Giants address Pride Night backlash after players reject rainbow caps
Oracle Park's Pride Night became a trust test after Giants pitchers wrote Bible verses on rainbow caps and one player wore the regular hat instead.

Oracle Park’s Pride Night was supposed to project solidarity in one of San Francisco’s most visible civic spaces. Instead, the June 12 game against the Chicago Cubs left the Giants confronting anger from LGBTQ fans and groups after players handled the rainbow caps in ways that undercut the night’s message.
The club’s Pride programming, presented by Gilead, was built to be more than a single photo op. It included pregame festivities, in-game celebrations, appearances, a ceremonial pride-flag raising and a vow-renewal ceremony for 10 same-sex couples along the first-base line. The Giants also folded Pride Month into the ballpark schedule with events such as Pride Movie Night, turning Oracle Park and Willie Mays Plaza into a stage for the team’s public commitments.

The controversy centered on the caps. Landen Roupp, JT Brubaker and Ryan Walker wrote Bible verses on their Pride hats, while Sam Hentges chose not to wear the Pride cap at all and wore the regular Giants hat instead. Roupp’s cap reportedly carried Genesis 9:12-16. Major League Baseball later issued warnings to the players for writing on caps during a game, a violation of uniform policy. The Giants also declined to make a representative available to discuss the backlash, leaving the organization’s response to be measured against the harm many fans said they felt.

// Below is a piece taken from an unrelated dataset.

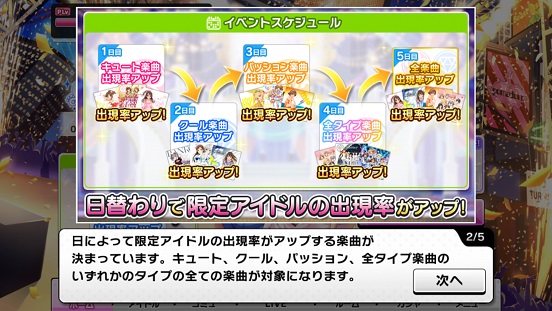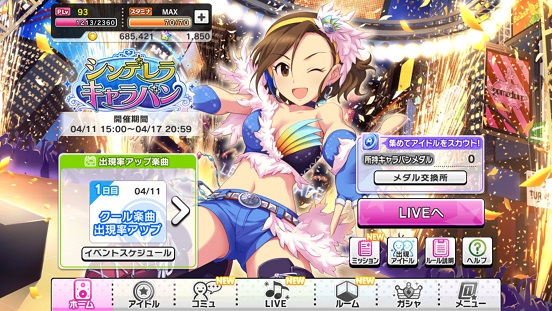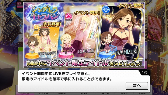 再びキャラバン。聖來(強SR)クラリス(弱SR)芽衣子(R)が目玉。期間は前回より1日短い。そして他のRもかなりの確率で出るようになるので特技アップをしたい人はめいっぱい走るべき!

That reaction landed so hard because the Giants have spent more than 30 years building a record of LGBTQIA+ and HIV/AIDS advocacy. The club says it hosted the first professional sports HIV/AIDS awareness game in 1994, a program that became the annual Until There’s A Cure game. It says it became the first professional sports team to join the It Gets Better project in 2011, signed an amicus brief supporting marriage equality in 2015 and became the first MLB team to incorporate Pride colors into its on-field uniform in 2021.
That 2021 rollout included an SF logo Pride patch, a custom cap with Pride colors and a flag raising at Oracle Park, with Tom Ammiano and Billy Bean part of the public moment. Against that backdrop, the 2026 backlash is more than a uniform dispute. It is a test of whether the Giants can keep themed nights credible for the fans, LGBTQ groups and sponsors who expect the club’s public values to match what happens on the field.